## EXERCISE PROMPT:
Leaving out the images, please reproduce each line below exactly.

## DATA SHOWN:
##########
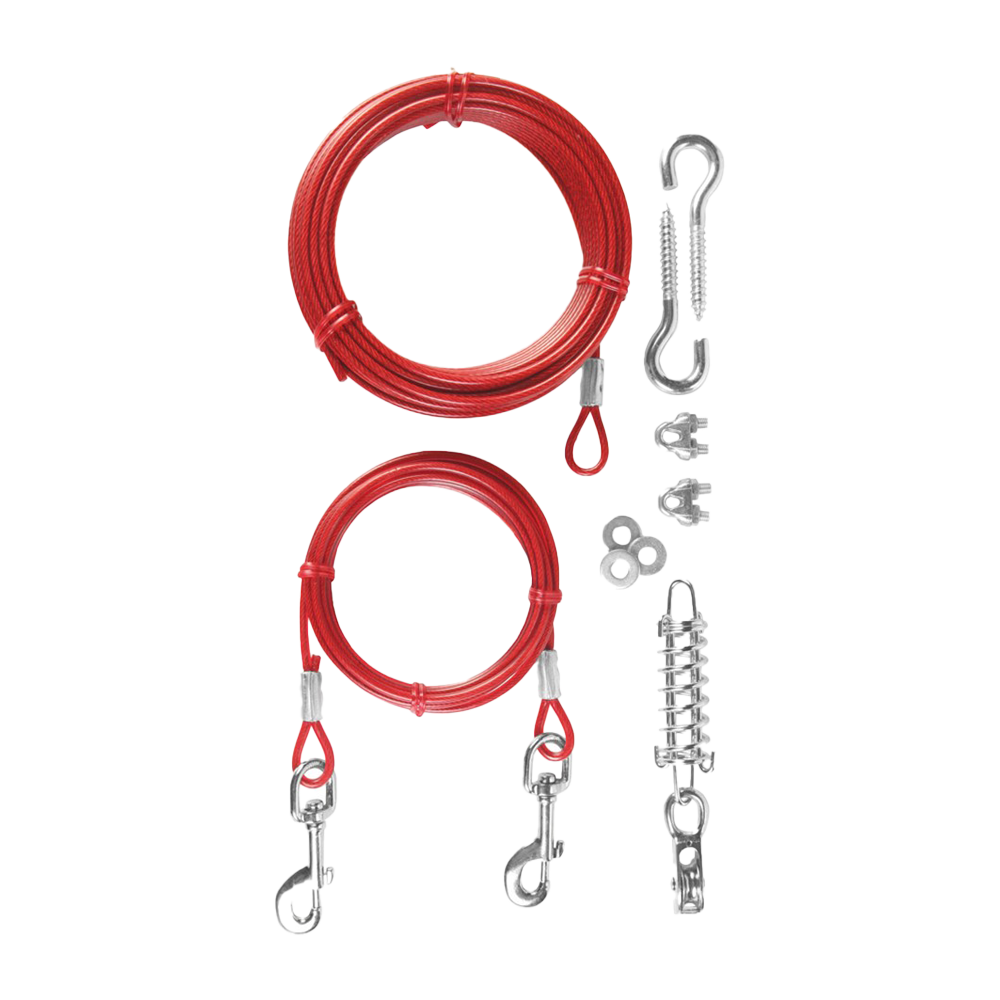 Plastbelagt løpebånd med dempende fjær som gir hunden trygg bevegelsesfrihet og reduserer rykk ved stopp. Den frie løpelengden er 3 meter og båndet er enkelt å feste til for eksempel et tre eller en bygning.
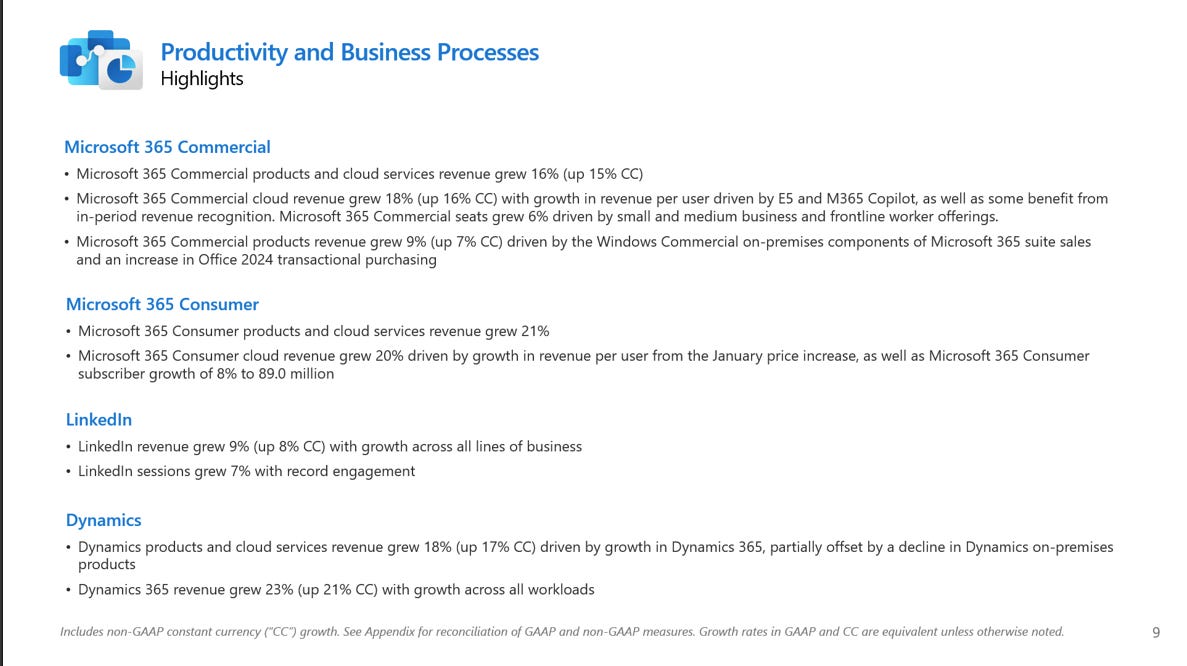 解讀: 這裡他引用了按固定匯率計算的 34% 增長(實際增長 39%),並特意點出 750 億美元的年化收入,旨在向市場展示 Azure 驚人的規模和持續的增長動能。
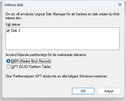 Make sure the disk is only "initialized" with MBR (Master Boot Record) and not formated in any standard.
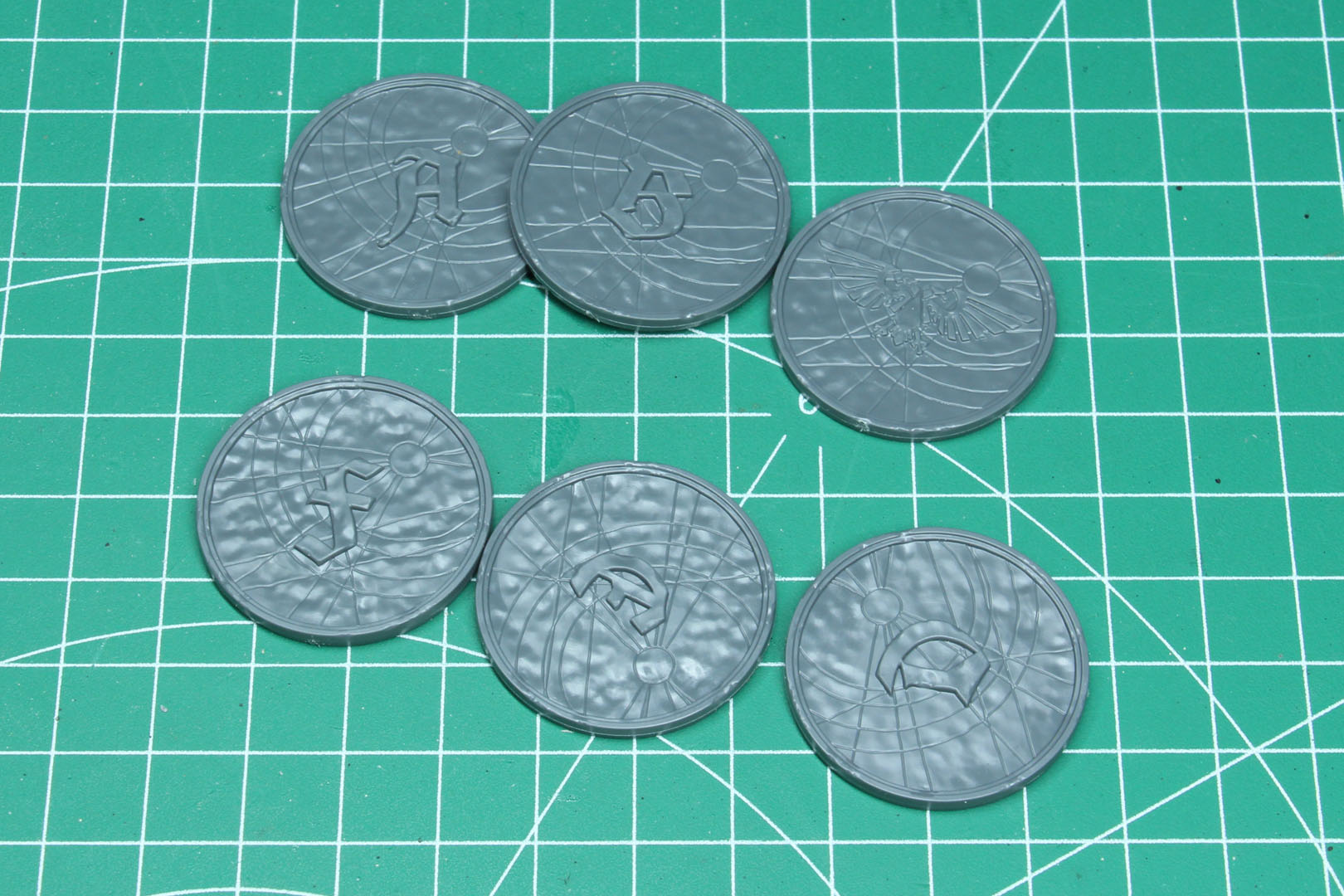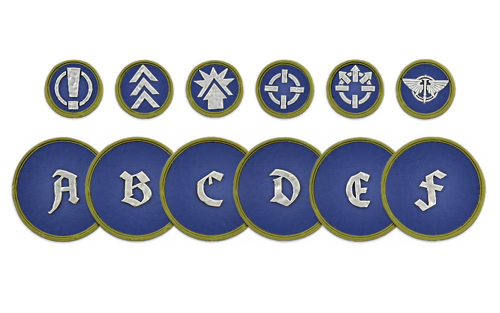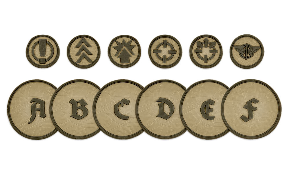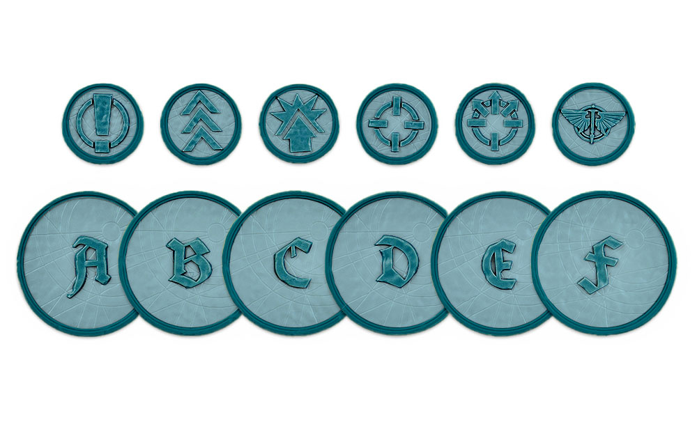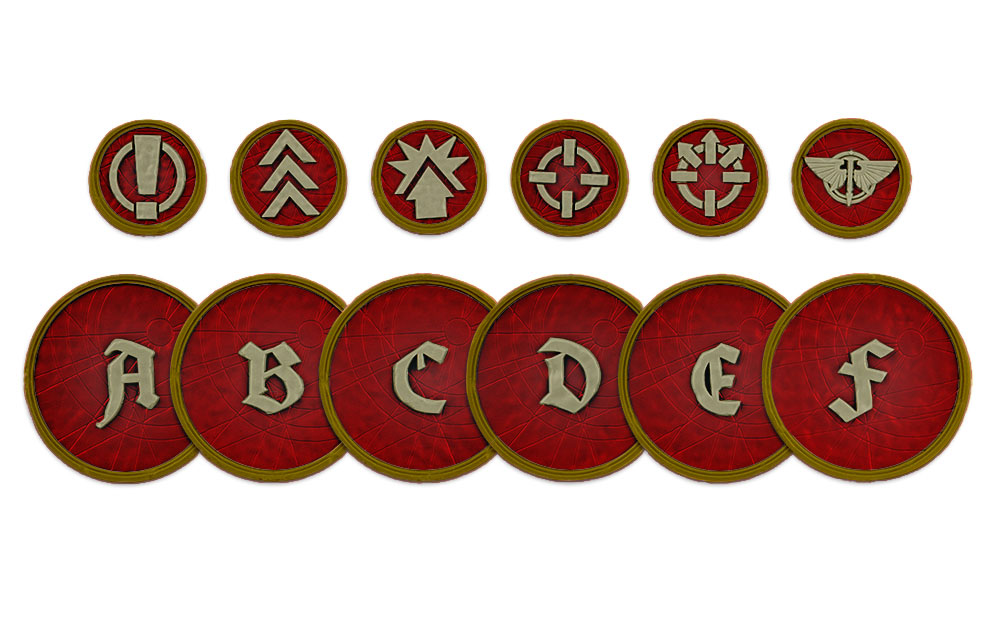 The objective markers are approximately 32mm in diameter and feature the letters A to F on the front side and the Legions Imperialis icon on the reverse.
##########
## RESPONSE TO THIS TASK:
 Plastbelagt løpebånd med dempende fjær som gir hunden trygg bevegelsesfrihet og reduserer rykk ved stopp. Den frie løpelengden er 3 meter og båndet er enkelt å feste til for eksempel et tre eller en bygning.
 解讀: 這裡他引用了按固定匯率計算的 34% 增長(實際增長 39%),並特意點出 750 億美元的年化收入,旨在向市場展示 Azure 驚人的規模和持續的增長動能。
 Make sure the disk is only "initialized" with MBR (Master Boot Record) and not formated in any standard.
 The objective markers are approximately 32mm in diameter and feature the letters A to F on the front side and the Legions Imperialis icon on the reverse.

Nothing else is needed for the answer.